*Instructions to follow*
Only the lines from the one with "Praxis Elementary Education" through the last line of the data below are to be duplicated, exactly and without pictures.

(Source records)
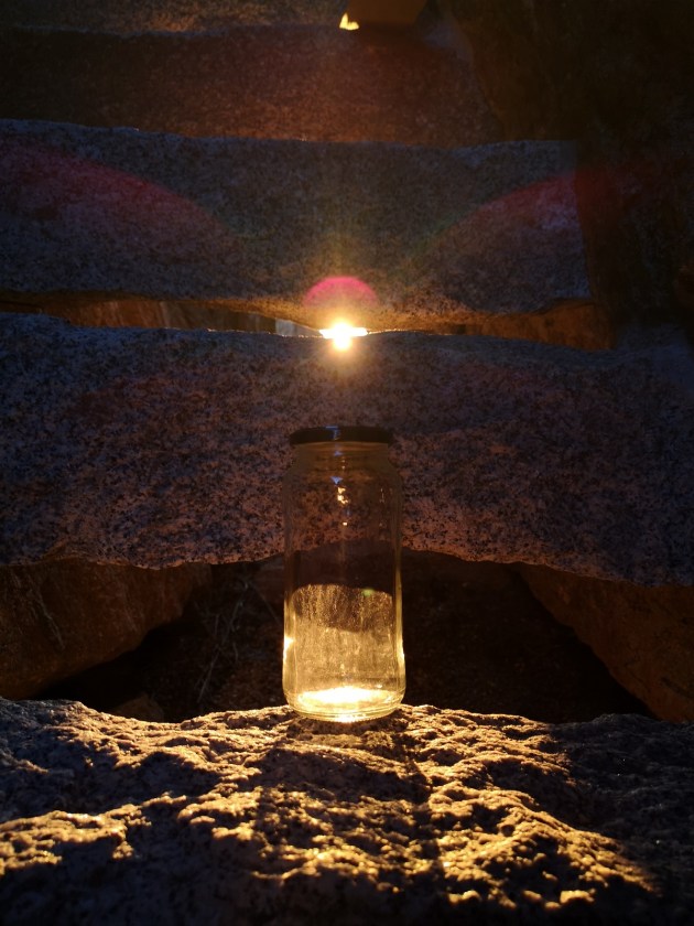 Esta es la tercera convocatoria de la “Conjunción solar”. Este año tendrá lugar el día 18 de octubre y transcurre en la obra La Capilla Azul, número 42 de la Colección permanente https://cerrogallinero.com/la-coleccion/ Durante este mes a la hora del ocaso el Sol se alinea con la obra y en el tramo de la escalera volada, en una gran grieta, la luz la atraviesa. Antes de que suceda Christian Acker y Susana Corullón nos presentarán su obra Abalorios.
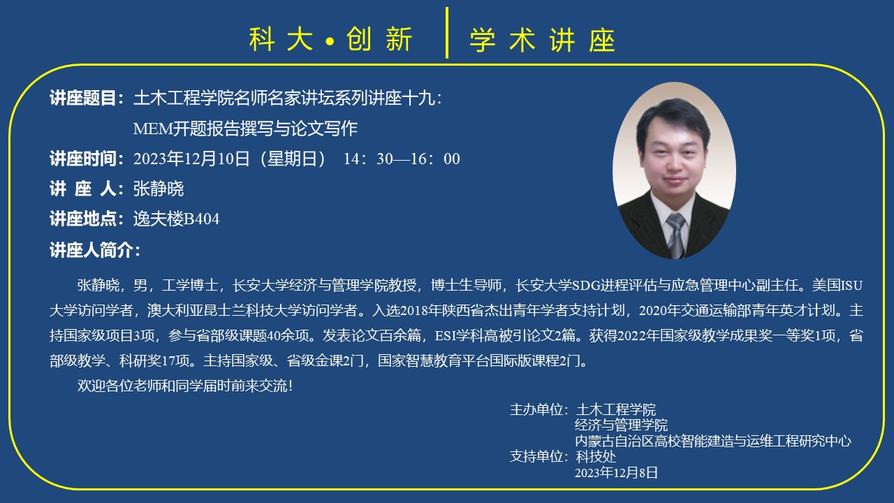 时间 2023年12月10日(星期日)14:30-16:00 地点 逸夫楼B404
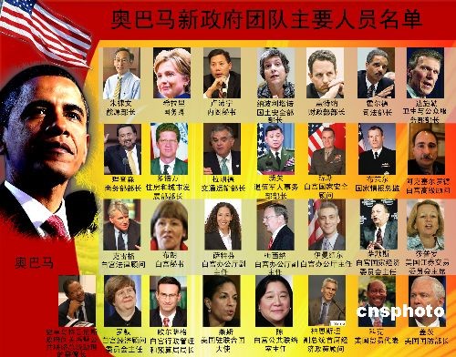 中新網12月21日電 綜合報道,美國當選總統奧巴馬于當地時間19日宣布了最后幾項內閣提名,從而在就職前一個月完成了組閣工作。
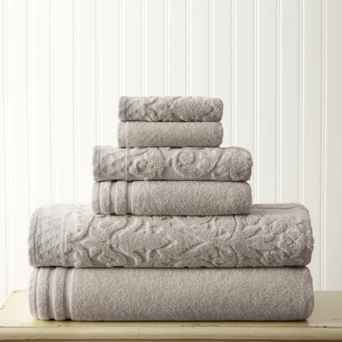 Amrapur Damask Jacquard Towels With Embellished Border 6 Piece Set Gray 56JQJQBG-GRY-ST
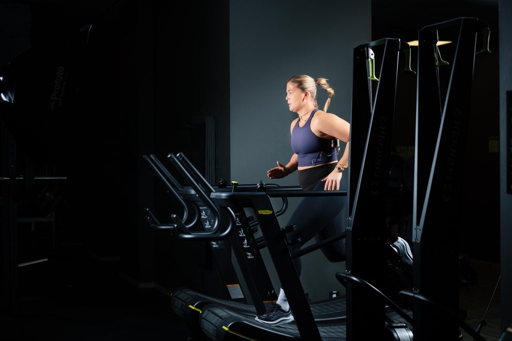 Under en normal vecka – när hon springer mycket – kan det bli tre lite längre sträckor på 10–12 kilometer, och två kortare på 5–7 kilometer. Nu, när vi pratas vid, är det inte fullt lika mycket löpning, men desto mer på gym. Det är inte helt ovanligt att hon tränar två gånger om dagen. Utslaget på en vecka snittar hon nog sju olika träningspass i veckan, uppskattar hon.
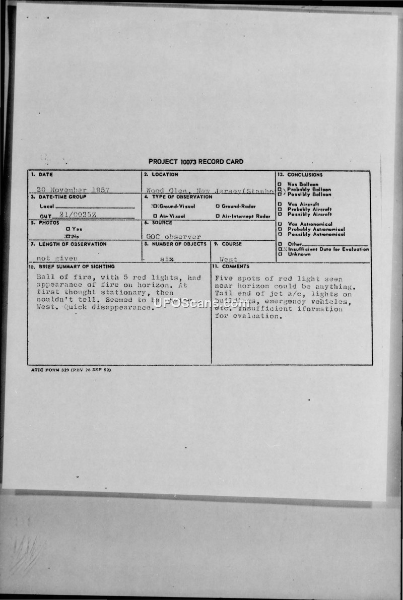 A GOC observer reported a ball of fire with five red lights over Wood Glen, NJ, on November 20, 1957. The ATIC concluded the report contained insufficient data for a definitive identification.
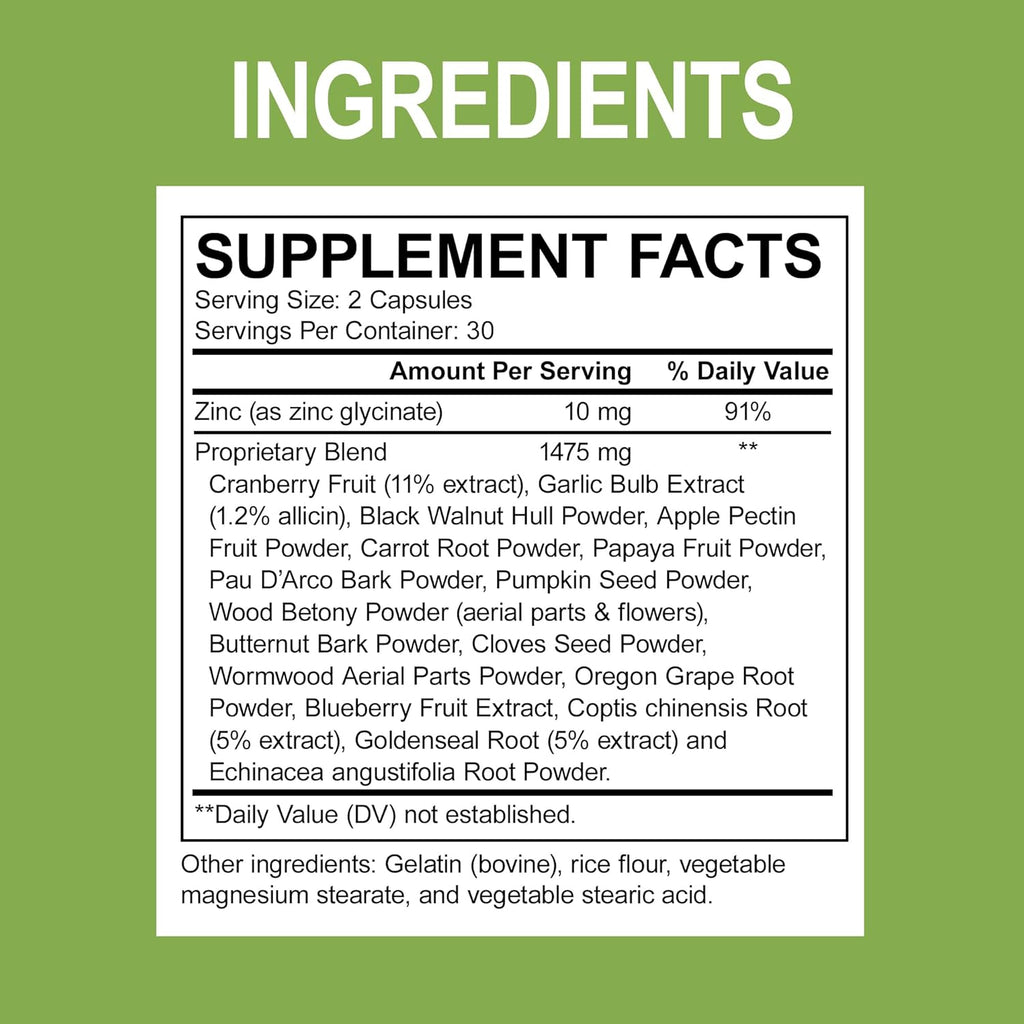 Per serving (1 cap): Zinc 10mg, Proprietary Blend (1475mg): Cranberry Fruit (11% Extract), Garlic Bulb Extract, Black Walnut Hull Powder, Apple Pectin Fruit Powder, Carrot Root Powder, Papaya Fruit Powder, Pau D’Arco Bark Powder, Pumpkin Seed Powder, Wood Betony Powder (aerial parts & flowers), Butternut Bark Powder, Cloves Seed Powder, Wormwood Aerial Parts Powder, Oregon grape Root Powder, Blueberry Fruit Extract, Coptis chinensis Root (5% extract), Goldenseal Root (5% extract) and Echinacea anguvstifolia Root Powder. Other Ingredients: Gelatin (bovine), rice flour, vegetable magnesium stearate, and vegetable stearic acid.
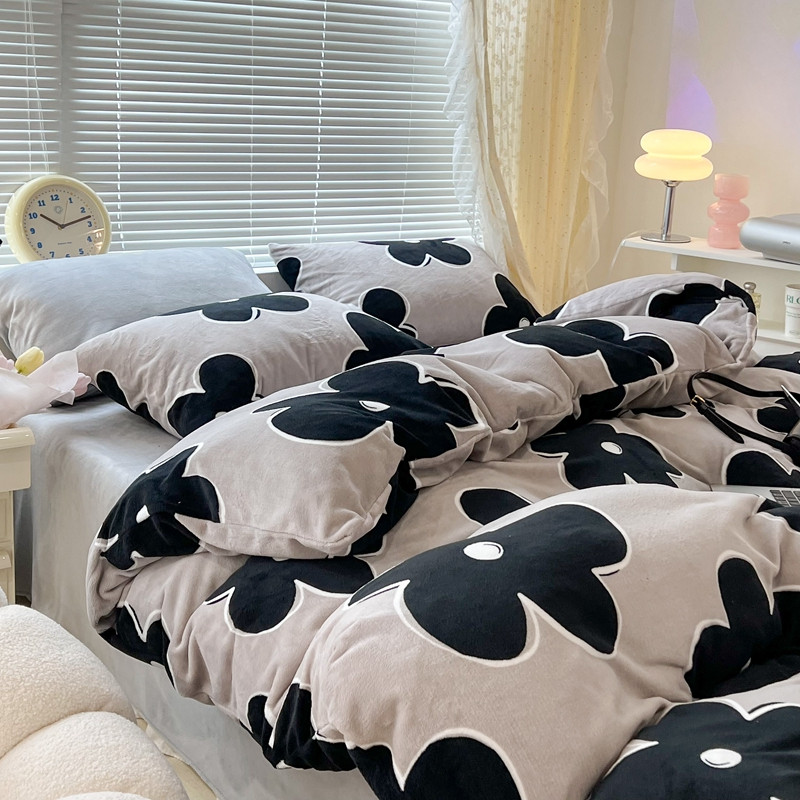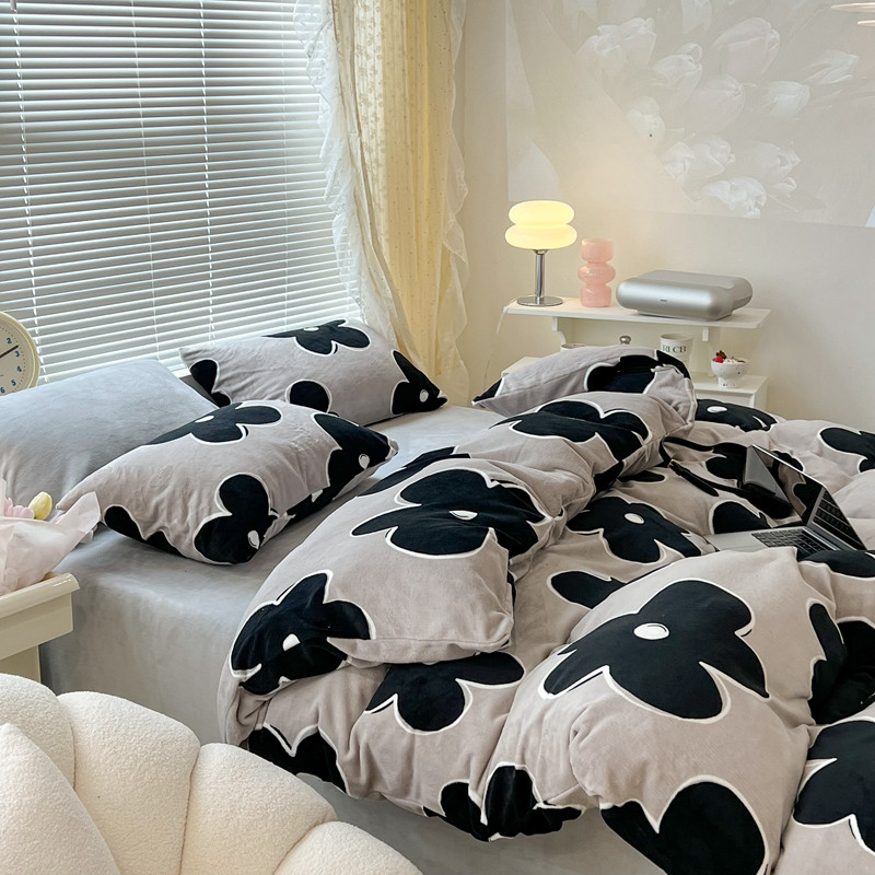 (总)昔可家纺 2024新款印花牛奶绒四件套系列-洛丽塔风,萝莉小兔,小熊烘焙屋,小熊玩偶屋
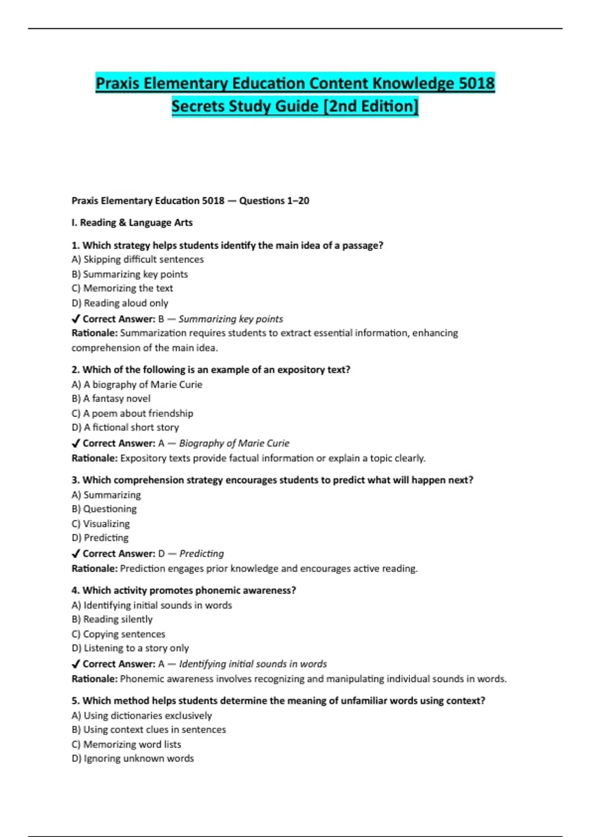 Praxis Elementary Education 5018 — Questions 1–20
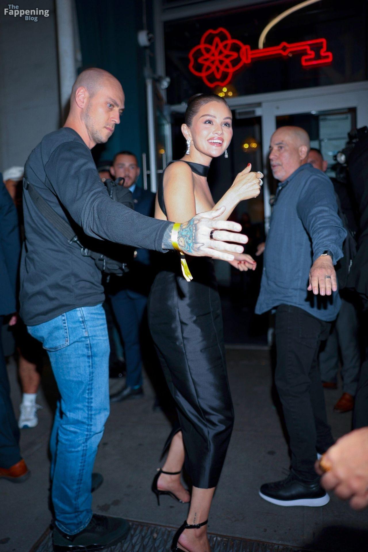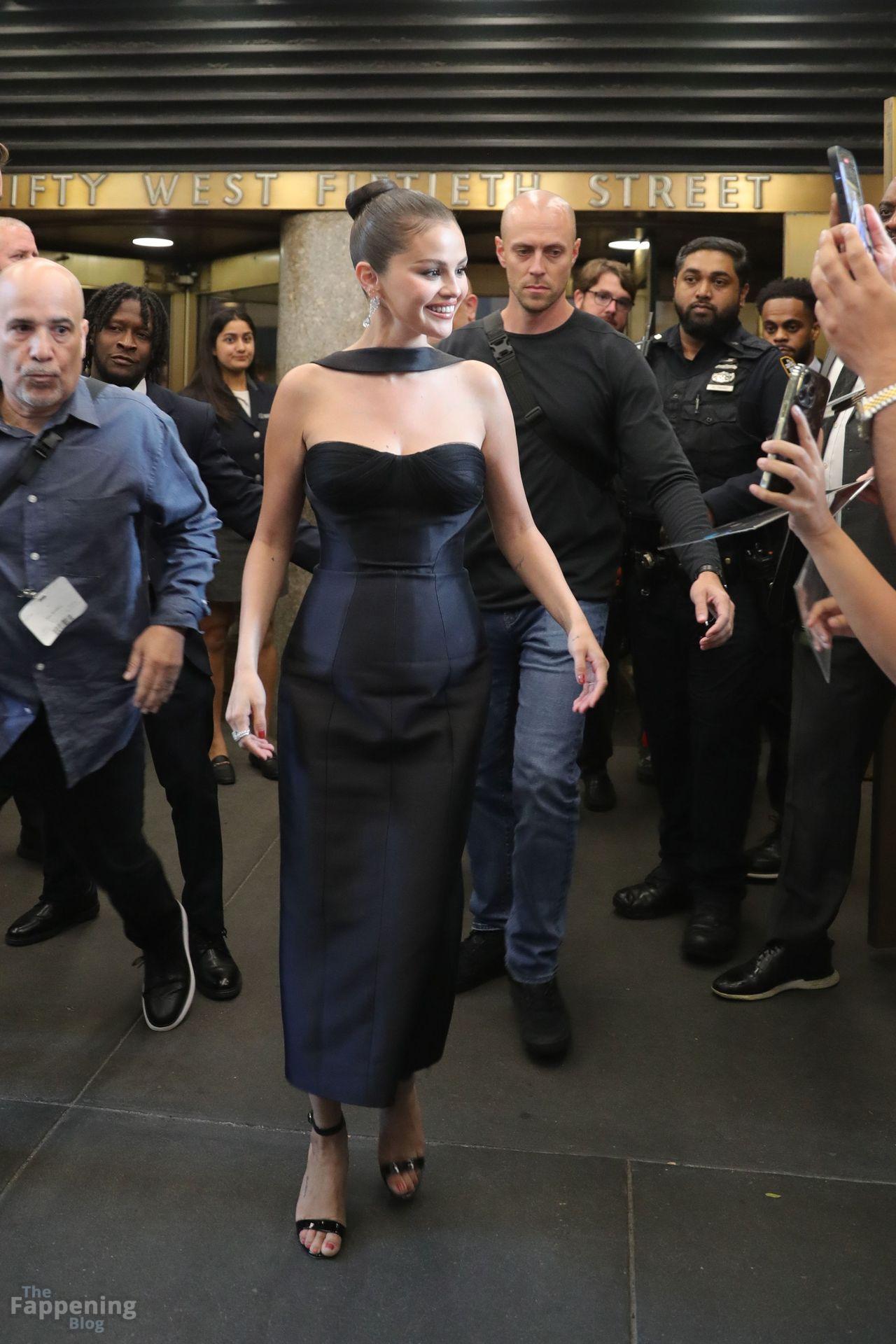Selena Gomez was showin’ major cleavage in a strapless black satin dress. The superstar singer and actress got swarmed by fans after The Tonight Show Starring Jimmy Fallon in New York.
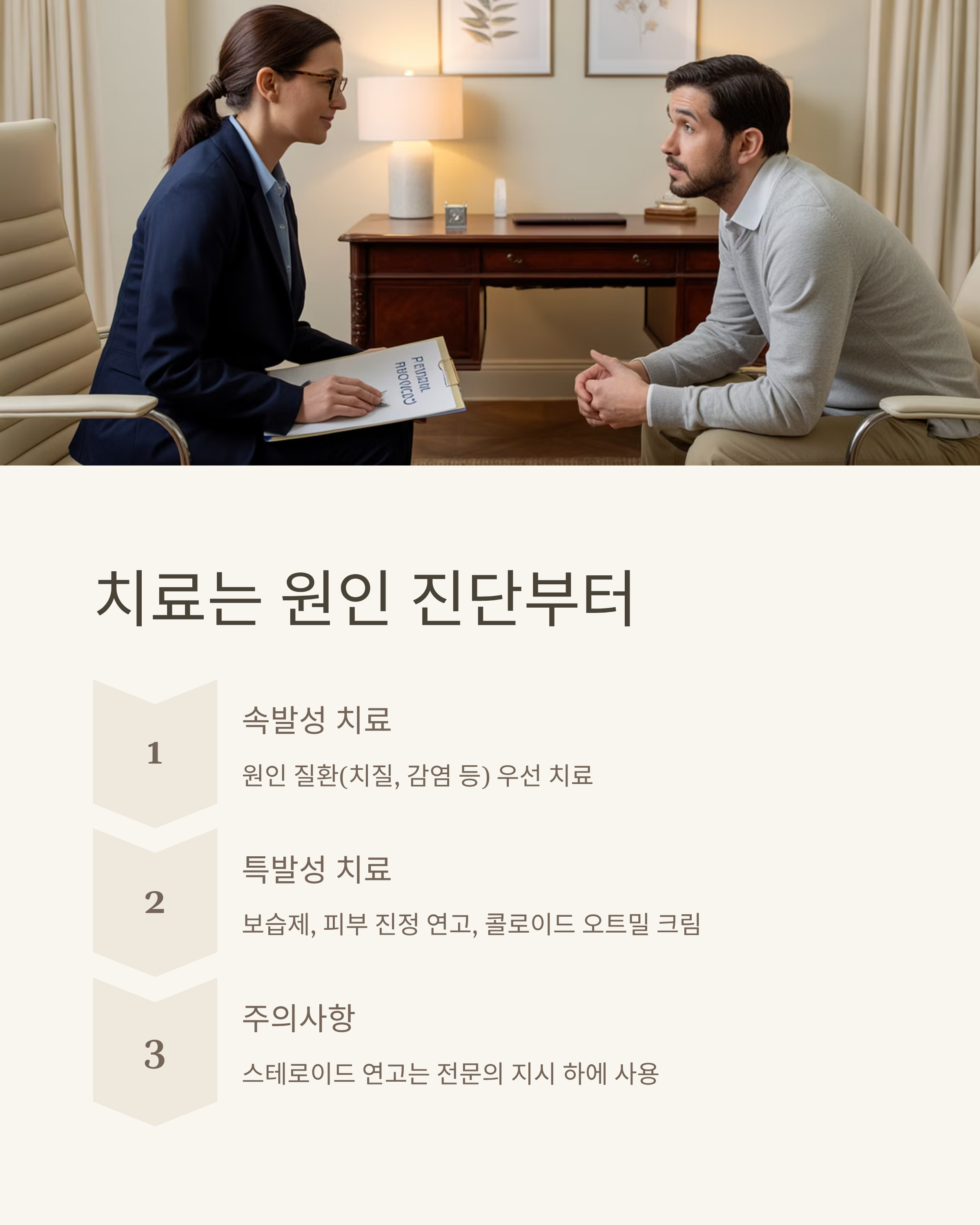 특발성이라면 증상 완화를 위한 보습제, 피부 진정 연고, 콜로이드 오트밀 크림 등이 사용됩니다.

*Answer to this task*
 Praxis Elementary Education 5018 — Questions 1–20
Selena Gomez was showin’ major cleavage in a strapless black satin dress. The superstar singer and actress got swarmed by fans after The Tonight Show Starring Jimmy Fallon in New York.
 특발성이라면 증상 완화를 위한 보습제, 피부 진정 연고, 콜로이드 오트밀 크림 등이 사용됩니다.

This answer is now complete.